Hay un punto de nobleza moral en la consideración que hace Camus del fútbol
como escuela de convivencia. Desde la estrella internacional hasta el chavalillo
que juega en una categoría infantil, todo futbolista sale a la cancha a lograr un
objetivo en colaboración con otros diez compañeros. Sus dotes sólo sirven como
aportación. En todo momento aprenderá a forjar su carácter trabajando en pos de
una misión colectiva. Con el grupo celebrará los triunfos, con el grupo se apenará
por las derrotas. Y, sin embargo, el fútbol, deporte colectivo, ofrece un espacio
idóneo para la consumación del héroe: el portero que propicia la victoria de su
equipo en la tanda de penaltis, el autor del gol que supone ganar una final.
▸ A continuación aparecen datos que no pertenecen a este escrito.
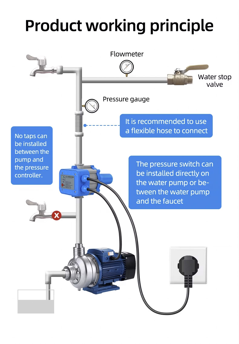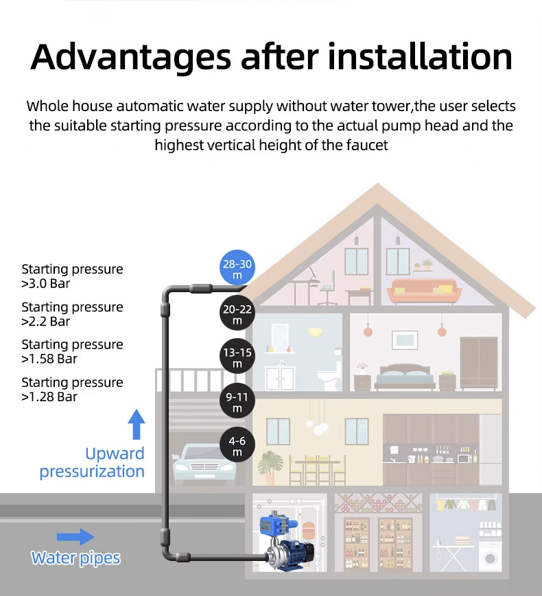 کنترل کننده پمپ اتوماتیک کنترل کننده فشار الکترونیکی پمپ آب می تواند جایگزین تاسیسات پیچیده پمپ آب اتوماتیک شود. دارای ویژگی های عملکرد پایدار، نگهداری کم و طول عمر طولانی است.
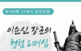문화 윤규진 기자2024. 09.05[한국저널뉴스] 인문학교육·전통정원 특구 담양군이 오는 11일 오후 4시 담빛농업관에서 군민을 위한 열린 강좌 ‘21세기 담양포럼’을 개최한다. 이번 강좌는 이정희 전 국민권익위원회 부위원장을 초청해 ‘이순신 장군의 청렴 리더십’에 관한 강연을 통해 삶의 지혜와 폭넓은 인문학적 소양을 함양하고자 기획했다. 이번 강연은 우리 민족 역사상 존경받는 대표적인 인물인 충무공 이순신 장군에 관한 이야기로, 어려운 상황 속에서도 한결같은 신념과 원칙으로 지켜낸 청렴이 갖는 의미를 이해하며 우리 삶의 변화를 끌어내는 계기가 될 것으로…

Presumo que la enorme relevancia del deporte en la sociedad de nuestros días
tiene que ver con su facultad de suministrar héroes semana tras semana. Y,
donde hay héroes, hay villanos y comparsas, tragedias y comedias, fealdad y
belleza, elegancia y escupitajo; en suma, vida.
El fútbol, como antaño la fiesta de los toros, es un manantial inagotable de
locuciones y dichos de aplicación cotidiana, aun cuando es cierto que este y el
otro comentarista deportivo nos endosan a menudo petardos léxicos que
mortifican los oídos. Y algo de buena literatura también han dado el balón y sus
alrededores. Al pronto me viene a la memoria Saber perder, de David Trueba,
estupenda novela premiada en su día con el Nacional de la Crítica. De menor
calado literario, pero igualmente interesante, es en mi opinión Fiebre en las gradas
de Nick Hornby, ensayo autobiográfico que fue adaptado al cine. Sobre el fútbol
escribieron Vázquez Montalbán y Eduardo Galeano y Juan Villoro y... Según están
las cosas, me atrevo a vaticinar que el siglo XXI conducirá a un desarrollo notable
del fútbol femenino, lo que, se mire por donde se mire, constituye una señal de la
fuerza civilizadora de este deporte. En fin, aúpa la Real Sociedad.